TASK PROMPT
Pictures are not part of the copy; reproduce the remaining data exactly.

MATERIAL FOR THIS EXERCISE
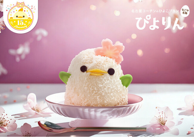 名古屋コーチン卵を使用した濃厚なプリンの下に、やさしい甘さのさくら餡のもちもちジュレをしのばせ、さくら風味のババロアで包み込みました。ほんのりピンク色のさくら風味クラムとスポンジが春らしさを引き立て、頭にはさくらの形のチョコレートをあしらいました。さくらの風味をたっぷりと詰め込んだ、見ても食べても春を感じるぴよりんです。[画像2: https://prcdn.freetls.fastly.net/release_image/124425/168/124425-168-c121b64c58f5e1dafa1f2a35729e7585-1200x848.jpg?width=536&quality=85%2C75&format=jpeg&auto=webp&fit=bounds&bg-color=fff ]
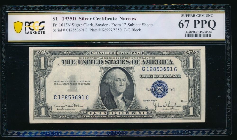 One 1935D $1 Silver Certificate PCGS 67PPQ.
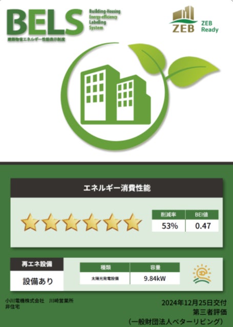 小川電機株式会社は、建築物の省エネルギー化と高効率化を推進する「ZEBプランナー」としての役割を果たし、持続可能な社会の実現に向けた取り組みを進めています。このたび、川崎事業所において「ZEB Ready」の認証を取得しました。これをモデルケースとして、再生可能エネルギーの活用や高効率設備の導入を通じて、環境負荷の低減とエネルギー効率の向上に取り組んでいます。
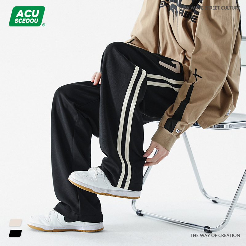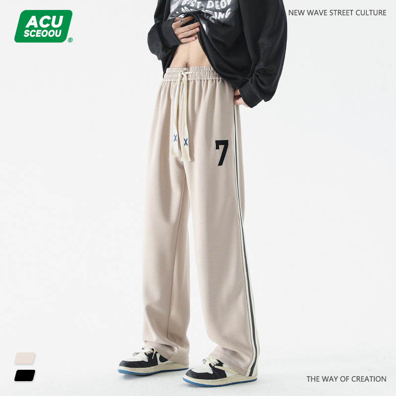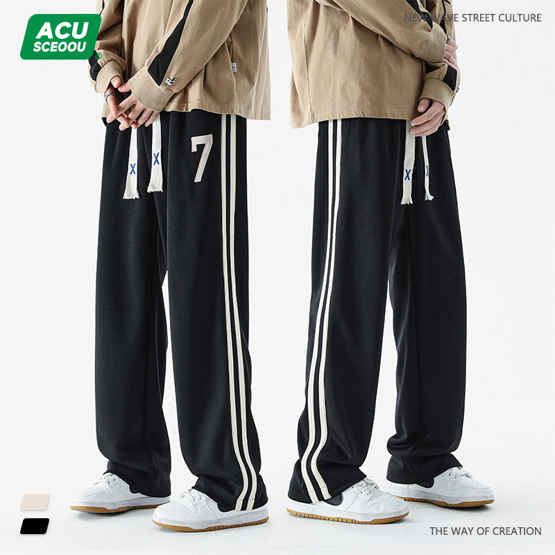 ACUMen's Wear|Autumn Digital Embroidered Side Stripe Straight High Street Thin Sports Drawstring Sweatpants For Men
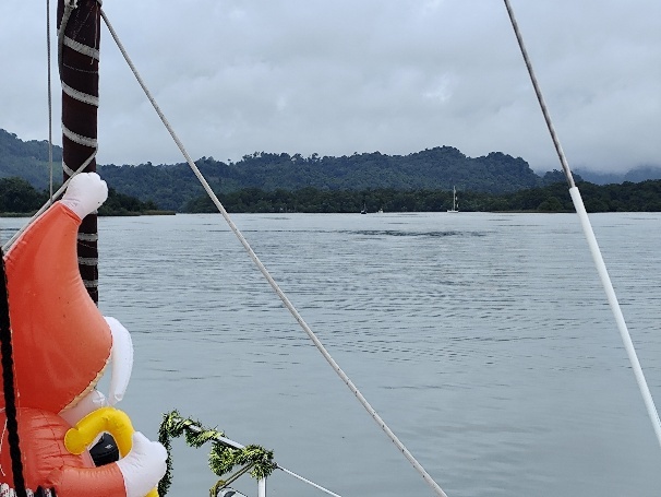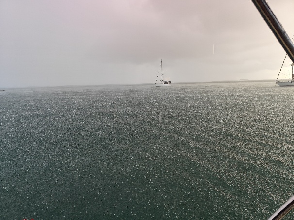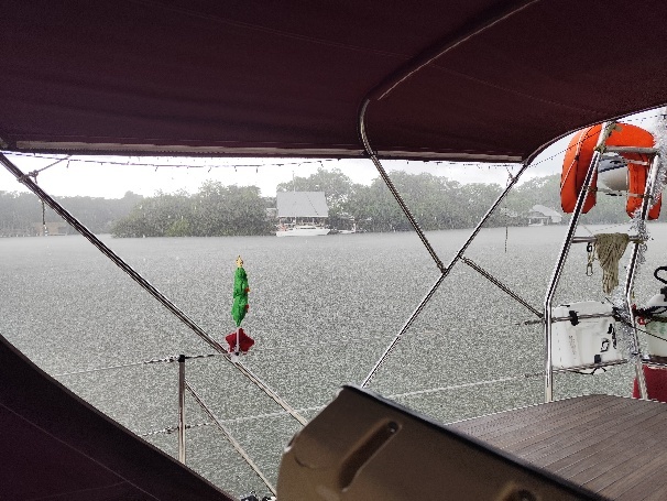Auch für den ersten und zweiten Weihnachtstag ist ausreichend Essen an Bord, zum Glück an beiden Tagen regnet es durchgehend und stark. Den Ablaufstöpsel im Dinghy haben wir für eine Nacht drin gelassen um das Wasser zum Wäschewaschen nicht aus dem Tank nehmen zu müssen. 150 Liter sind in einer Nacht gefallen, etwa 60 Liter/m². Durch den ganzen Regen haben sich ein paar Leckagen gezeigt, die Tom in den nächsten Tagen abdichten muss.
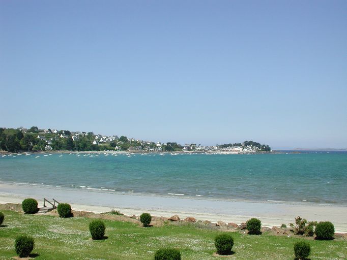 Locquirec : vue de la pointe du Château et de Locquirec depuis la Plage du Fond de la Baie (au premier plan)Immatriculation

ANSWER SECTION
 名古屋コーチン卵を使用した濃厚なプリンの下に、やさしい甘さのさくら餡のもちもちジュレをしのばせ、さくら風味のババロアで包み込みました。ほんのりピンク色のさくら風味クラムとスポンジが春らしさを引き立て、頭にはさくらの形のチョコレートをあしらいました。さくらの風味をたっぷりと詰め込んだ、見ても食べても春を感じるぴよりんです。[画像2: https://prcdn.freetls.fastly.net/release_image/124425/168/124425-168-c121b64c58f5e1dafa1f2a35729e7585-1200x848.jpg?width=536&quality=85%2C75&format=jpeg&auto=webp&fit=bounds&bg-color=fff ]
 One 1935D $1 Silver Certificate PCGS 67PPQ.
 小川電機株式会社は、建築物の省エネルギー化と高効率化を推進する「ZEBプランナー」としての役割を果たし、持続可能な社会の実現に向けた取り組みを進めています。このたび、川崎事業所において「ZEB Ready」の認証を取得しました。これをモデルケースとして、再生可能エネルギーの活用や高効率設備の導入を通じて、環境負荷の低減とエネルギー効率の向上に取り組んでいます。
 ACUMen's Wear|Autumn Digital Embroidered Side Stripe Straight High Street Thin Sports Drawstring Sweatpants For Men
Auch für den ersten und zweiten Weihnachtstag ist ausreichend Essen an Bord, zum Glück an beiden Tagen regnet es durchgehend und stark. Den Ablaufstöpsel im Dinghy haben wir für eine Nacht drin gelassen um das Wasser zum Wäschewaschen nicht aus dem Tank nehmen zu müssen. 150 Liter sind in einer Nacht gefallen, etwa 60 Liter/m². Durch den ganzen Regen haben sich ein paar Leckagen gezeigt, die Tom in den nächsten Tagen abdichten muss.
 Locquirec : vue de la pointe du Château et de Locquirec depuis la Plage du Fond de la Baie (au premier plan)Immatriculation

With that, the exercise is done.